We live a beautiful life. But it's hard for some people. I want to teach my children that we can actually help each other out. That joy and kindness and mindfulness and positive thinking are (evidence-based!) ways to change the way we think and feel and act. Maybe it's too late for you to buy into this, but it's not too late for kids. So stay out of our schools.

Tuesday, October 30, 2012

stop trying to make fetch happen

things I did during the hurricane:
  • schoolwork, schoolwork, schoolwork 
  • extensive twitter and facebook research to determine the meaning and appropriate usage of the new Bmore term 'crouchy'
  • made pumpkin ice cream 
  • watched an angsty relationship movie
  • attempted to integrate the word crouchy into my vocabulary  
  • expressed my own angst to friends 
  • received an awesome lobster card from friends 
  • danced, kind of
  • played Apples to Apples
  • found out via twitter research that some kid's grandma just said crouchy, and crouchy is therefore over

Sunday, October 21, 2012

'Does your person buy Monster energy drinks?' will be my next Guess Who question

I thought the guy in the checkout lane next to me was attractive at first glance today. Then I looked into his cart and saw 2 packs of Hi-C, 2 different kinds of Hostess snacks, white bread, some other stuff, and a Monster energy drink. 

Ew. No longer attractive at all. Then at closer look, I saw he had a dumb hat and a Chinese character tattooed on the back of his neck. 

I'm gonna go ahead and say that the grocery cart test is an accurate pre-assessment.

Sunday, September 30, 2012

the first one

I realized something.
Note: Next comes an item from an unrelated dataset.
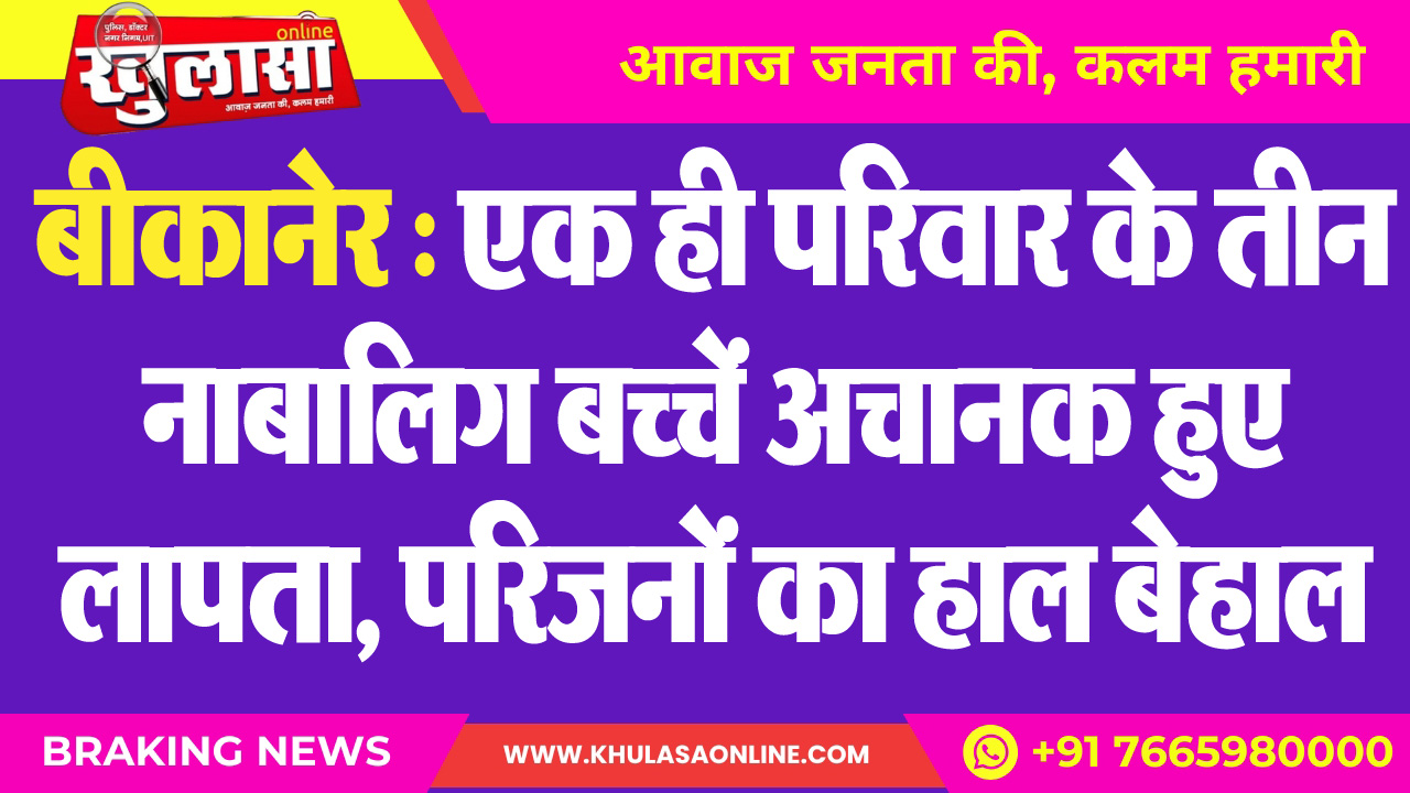 बीकानेर : एक ही परिवार के तीन नाबालिग बच्चें अचानक हुए लापता, परिजनों का हाल बेहाल

I miss documenting the stories of strange daily interactions. People do and say weird stuff. All the time. And I used to write it down.

I think I'll start again. And now, since everyone thinks this blog no longer exists...I have a secret blog. Here's the first post on my secret blog:

I went to The Book Thing the other day. As I rounded a shelf, a white man with white hair who looked to be about in his mid-fifties (But I could be wrong! I would never think to assign a fixed age to someone!) said to his friend:

Watch out, there's a young lady behind you. Or a little girl, I can't tell which, but she looks young either way.

Clearly he wanted me to respond. Why else would you say something like that? My response was to keep looking at books and not lift my eyes in his direction. After a second of processing, however, I did mutter under my breath, That's...really rude.

I suppose Rude Guy thought I hadn't heard him, so he tried a different approach to...insult me?

Rude Guy:
What do you do?
me: (while giving him a blank look) For work?
Rude Guy: Yeah.
me: I'm a teacher.
Rude Guy: You look too young to be a teacher.
me: ...That's not really a polite thing to say to someone.
RG: You'll appreciate it when you get older.
me: I'm an adult.
RG: Most women like that. Oh...okay. Okay.
(RG walks away to pretend to look at different books.)

A minute later, a lady walked around the corner and whispered Well-handled! to me, and then I felt all triumphant and stuff.

Moral of the story: When you find yourself saying, within the first minute of trying to strike up a conversation with someone, Most women like're doing it wrong.

Then again, if a toothless man who looked like he just walked in off the street had said that to me, I would've just chuckled and brushed it off. I suppose my expectations for appropriate comments are directly proportionate to the amount of teeth the speaker has.